Book Synopsis The Stamp Act Crisis by : Edmund S. Morgan
Download or read book The Stamp Act Crisis written by Edmund S. Morgan and published by UNC Press Books. This book was released on 2011-01-20 with total page 342 pages. Available in PDF, EPUB and Kindle. Book excerpt: 'Impressive! . . . The authors have given us a searching account of the crisis and provided some memorable portraits of officials in America impaled on the dilemma of having to enforce a measure which they themselves opposed.'--New York Times 'A brilliant contribution to the colonial field. Combining great industry, astute scholarship, and a vivid style, the authors have sought 'to recreate two years of American history.' They have succeeded admirably.'--William and Mary Quarterly 'Required reading for anyone interested in those eventful years preceding the American Revolution.'--Political Science Quarterly The Stamp Act, the first direct tax on the American colonies, provoked an immediate and violent response. The Stamp Act Crisis, originally published by UNC Press in 1953, identifies the issues that caused the confrontation and explores the ways in which the conflict was a prelude to the American Revolution.

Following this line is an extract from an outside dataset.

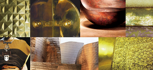 Nuanced gold with pink, yellow, and orange, or deep shades like oxidized, tarnished, and antique look.

Book Synopsis Prelude to Power by : Jack Richard Censer
Download or read book Prelude to Power written by Jack Richard Censer and published by JHU Press. This book was released on 2019-12-01 with total page 253 pages. Available in PDF, EPUB and Kindle. Book excerpt: Otiginally published in 1976. This investigation focuses on the ideology of the radical press during the French Revolution. Events, individuals, and institutions were important, but they were reported in such a manner as to make them subordinate to ideas. In their descriptions of the people and institutions of the Revolution, radicals drew heavily on the stereotypes provided by their ideology. The author analyzes the radicals of 1789 to 1791 with respect to collective interests and concerns. For these radicals, ideology governed from 1789 through 1791. And, insofar as events had any impact on the radicals, occurrences of 1790 were important because they coincided with radical shifts in opinion. Subsequent and more famous events came too late to have much impact on radical views. The author reveals that Jacobin thought of 1792 and 1793 had definite origins dating from 1789. The similarity between radical thought and the ideology of Robespierre proves that Jacobinism was not a hasty doctrine of the moment but the direct product of positions assumed since 1789.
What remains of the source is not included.